Check if this feature is available for your plan by reviewing Optimizely Plans.

Enriched Events Export gives you secure access to your Optimizely event data so you can analyze your experiment results with greater flexibility. The export includes a useful combination of events attributes:

  • Raw metadata (event name, user IDs, etc) that you pass to Optimizely, without additional processing
  • Enriched metadata that Optimizely adds such as experiment ID, variation ID, and session ID

For more information, see Data Specification.

Use Cases

Optimizely's Results Page helps you understand the performance of your hypothesis with your experiment metrics. So why would you want to export event data to use outside of the Results page? Here are several use cases:

QA or troubleshoot Optimizely’s results:

  • Get accuracy assurance or troubleshoot event counts
  • Audit the events (including impressions) you sent to Optimizely

Calculate your own metrics from Optimizely's experiment data:

  • Analyze experiment data via SQL or other data querying methods
  • Create experiment data dashboards using third-party visualization tools
  • Compute advanced metrics such as funnel metrics (this event THEN that event) or compound metrics (this event AND that event) to extend your measurement strategies.

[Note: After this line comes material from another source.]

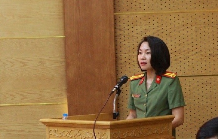Thượng tá Phạm Thị Phương Lan - Đảng ủy viên, Phó Chủ nhiệm Thường trực UBKT Đảng ủy Học viện, Thủ trưởng Cơ quan UBKT Đảng ủy Học viện ANND trình bày Báo cáo sơ kết tại Hội nghị.
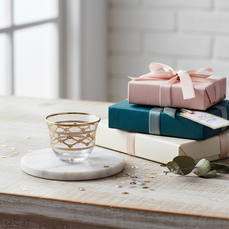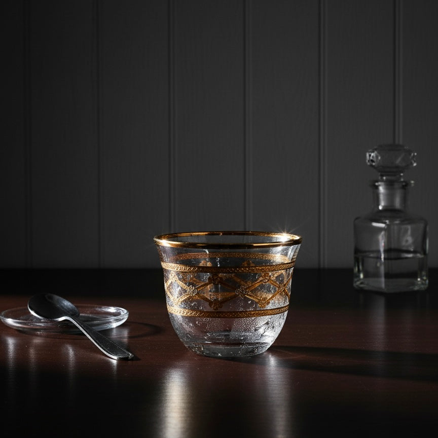 Each cup is made in Turkey from premium glass, featuring a beautifully hand-drawn ornamental design inspired by classical Ottoman and Arabic motifs.

Combine Optimizely experiment data with outside data:

  • Centralize data management by copying source-of-truth experiment data to a third-party data warehouse
  • Join experiment data with other data sources to measure impact on a wider range of external metrics

Enable the development of applications on top of experiment data (e.g experiment notifications)

Service Overview

We continuously export event data received by your organization to Amazon S3. You can access the event data within one day of receipt, via Amazon’s API/CLI/SDK using credentials provisioned by Optimizely.

Before exporting the events we de-deduplicate them and enrich them with information useful for experiment analysis like what variation in an experiment the event is attributed to (attribution), and during what session of the user did this event occur in (sessionization).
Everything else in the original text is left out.